But, the reports of the death of branch banking have been greatly exaggerated, as it turns out. Bank branches are simply being reimagined, and new, more modern sites are being unveiled by B of A, Wells Fargo (NYSE: WFC ) , and JPMorgan Chase (NYSE: JPM ) even as clunky, older locations are shuttered.
New economic reality
It's true that over 2,000 branch closings is quite a bit for one year, but banks are realizing that it isn't cost effective to maintain locations in sparsely populated areas. As those branches are trimmed, new, more technology-dependent locations are springing up in larger urban areas.
Wells Fargo recently opened a branch in what it calls the "neighborhood bank format," in Washington, DC. Wells notes that the tiny, 1,000 square-foot site is a big change from its usual branch size, which is usually three to four times the new location's footprint. The branch will offer large-screen ATMs as well as a paperless business concept, with employees using wireless phones and tablets to serve customers.
JPMorgan has introduced its own new branch style, with interactive ATMs as well as tablet-toting clerks and cash-counting machines. These modern improvements will eventually grace all of the bank's new sites, but the company doesn't plan to roll out the changes for current locations.
Adding to the bottom line
For Bank of America, its new branch concept has more riding on its success than just saving money. The bank will have all the accouterments of its peers' snazzy new sites, though its footprint will be gargantuan -- 12,000 square feet -- compared to that of Wells.

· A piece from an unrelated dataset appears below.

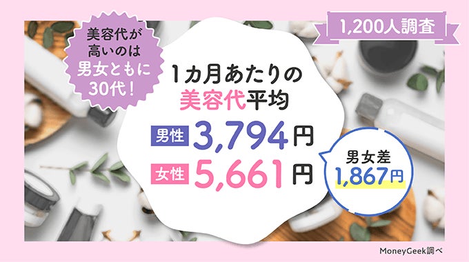 ・1カ月あたりの美容代平均は男性3,794円、女性5,661円。男女差は1,867円
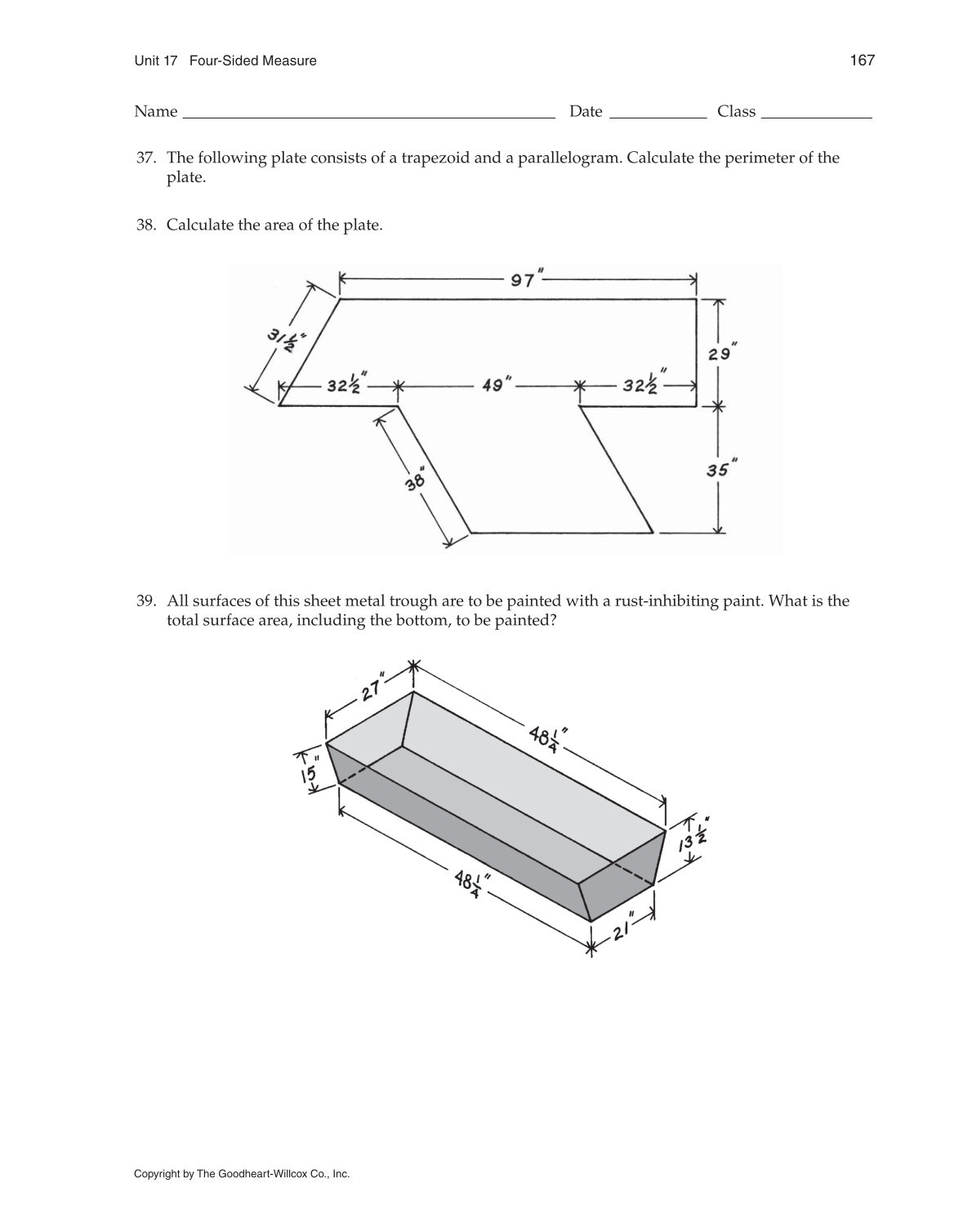 39. All surfaces of this sheet metal trough are to be painted with a rust-inhibiting paint. What is the

That's because B of A is planning to make its new branch sites a kind of mini-banking center , where customers can videoconference with remote advisors, and do practically any transaction that would normally be available only at a main bank location. One transaction that B of A is pushing at these brand-new sites is mortgage lending.
Even as the mortgage business cools, Bank of America's CEO Brian Moynihan disclosed in the bank's first-quarter earnings call that the plan is to increase the number of mortgage banking specialists in branch locations, as well as processing staff for the back office. CFO Bruce Thompson noted that this drive has helped boost mortgage originations by 57% year over year.
As a B of A executive recently commented, customers still want the face-to-face banking experience. The biggest banks are figuring out how to give consumers what they want in that arena, while still containing costs and increasing profits. The reinvented branch model is still new, but it definitely looks like a step in the right direction.